Collection entries
+---+
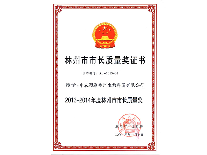 林州市市長質(zhì)量獎(jiǎng)證書
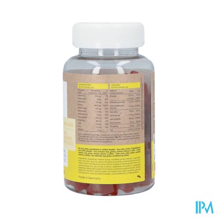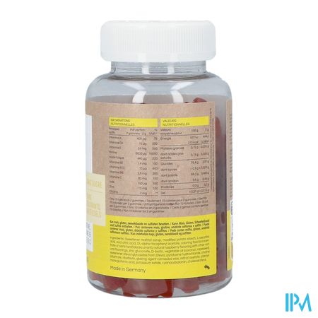 Ingredients: Sweetener maltitol syrup, modified potato starch, L-ascorbic acid, acid citric acid, DL-alpha-tocopheryl acetate, coloring food (concentrate of carrot and blackcurrant), natural raspberry flavoring with other natural flavorings, zinc gluconate, D-biotin, vegetable oil (coconut, rapeseed), sweetener steviol glycosides, pyridoxine hydrochloride, choline bitartrate, riboflavin, glazing agent carnauba wax, retinyl acetate, pteroylmonoglutamic acid, potassium iodide, cyanocobalamin, cholecalciferol.
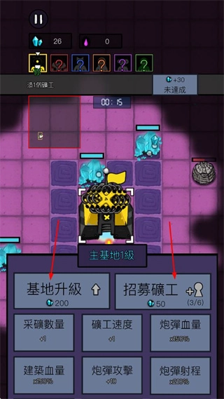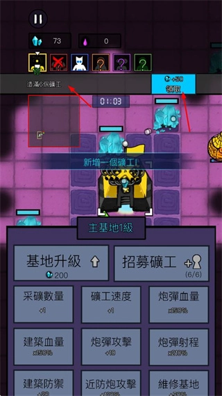 进入主基地界面后,你可以用水晶资源升级基地,以此提升基地的各项属性;同时也能招募矿工,增加采矿的人力。
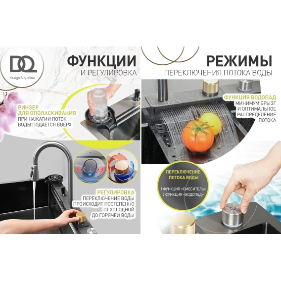 10) Для снижения уровня шума льющейся воды чаша мойки покрыта специальным шумоизоляционным материалом Quietness by DQ
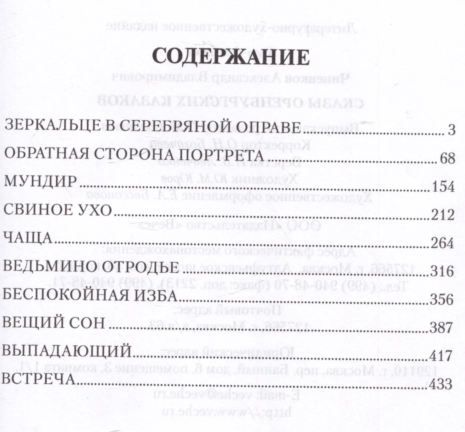 The new book by the famous Orenburg writer Alexander Chinenkov includes mystical stories and tales. These stories, generous in invention, with all the power and diversity of folk art, draw you into the mysterious world of Russian demonology, into a mysterious country inhabited by sorcerers, mermaids and other magical inhabitants.
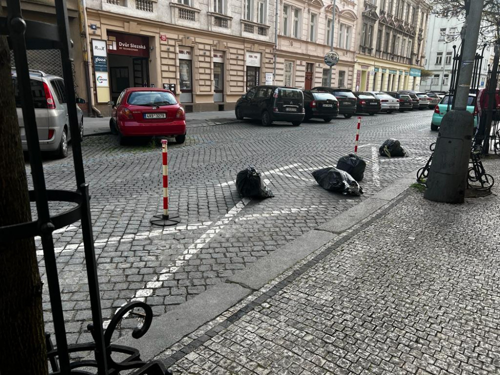 Hotel ve slezské ulici již delší dobu blokuje parkovací místa pro rezidenty. V nedávné době začali odkládá pytle s odpadem přímo na ulici. Je možné s tím něco udělat? / jde o tábor parkovacích míst.
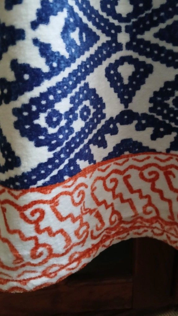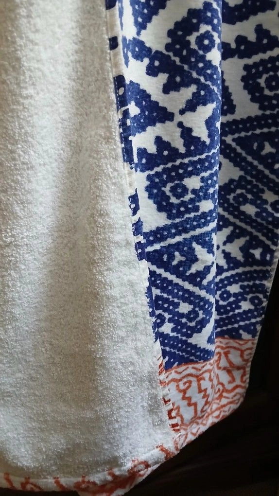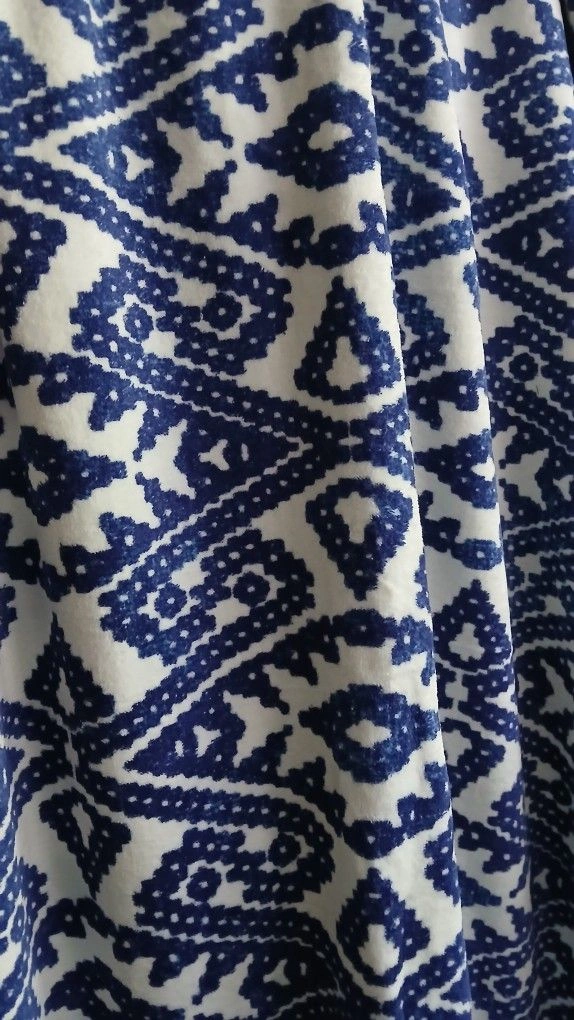 Stunning John Robshaw velour beach towel / bath sheet. Navy all-over patterned print on ivory ground with orange pattern borders. One for $25 or two for $45.
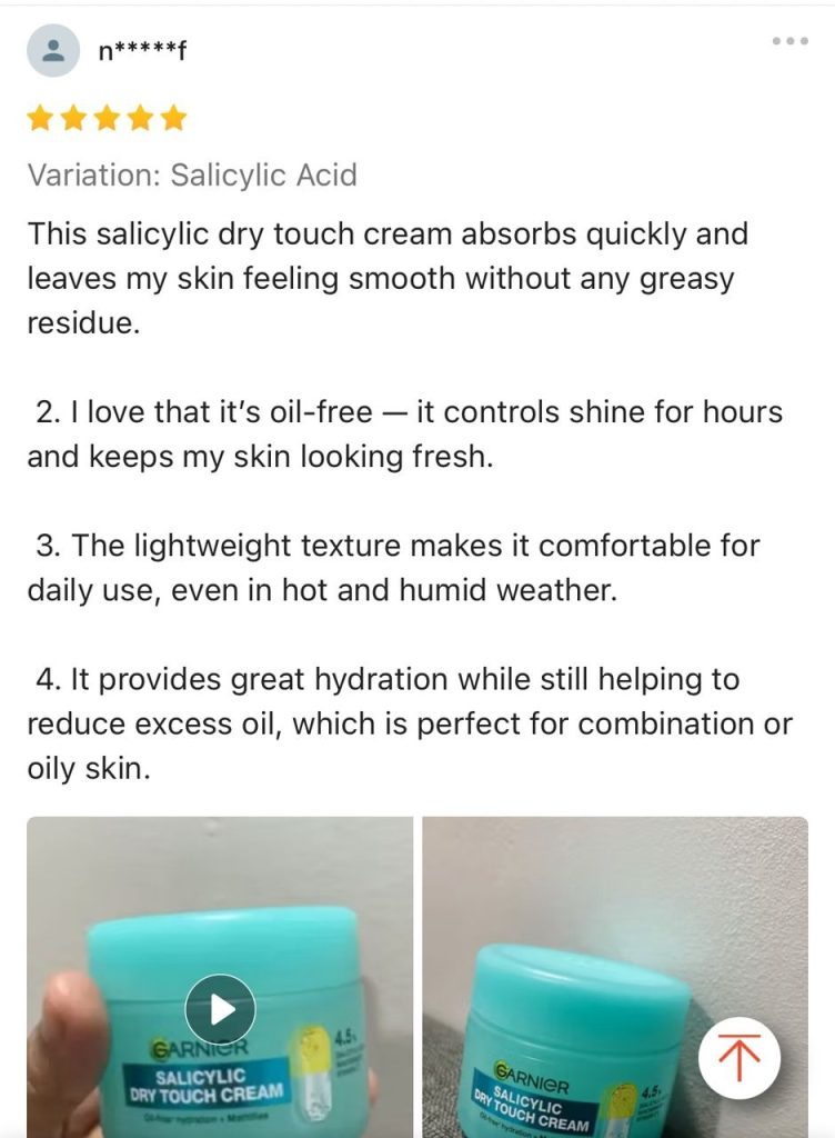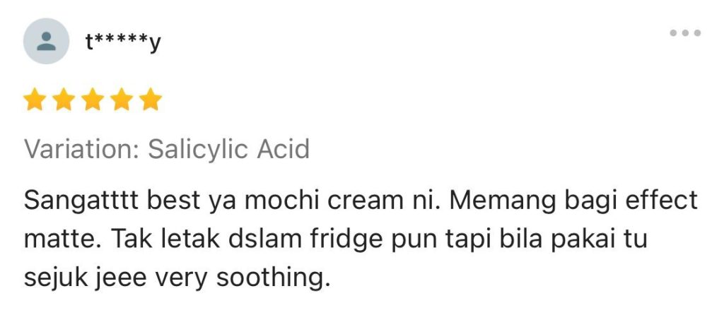 Seorang lagi individu mengatakan apabila menggunakan krim ini, dia dapat melihat efek matte dan merasa kulit semakin lega dan sejuk setiap kali pemakaian.
+---+
Assigned task: Excerpt from the records above: set down only the lines from the one that contains "进入主基地界面后,你可以用水" through the one that contains "The new book", inclusive, word for word. Pictures stay out.

Answer below:
 进入主基地界面后,你可以用水晶资源升级基地,以此提升基地的各项属性;同时也能招募矿工,增加采矿的人力。
 10) Для снижения уровня шума льющейся воды чаша мойки покрыта специальным шумоизоляционным материалом Quietness by DQ
 The new book by the famous Orenburg writer Alexander Chinenkov includes mystical stories and tales. These stories, generous in invention, with all the power and diversity of folk art, draw you into the mysterious world of Russian demonology, into a mysterious country inhabited by sorcerers, mermaids and other magical inhabitants.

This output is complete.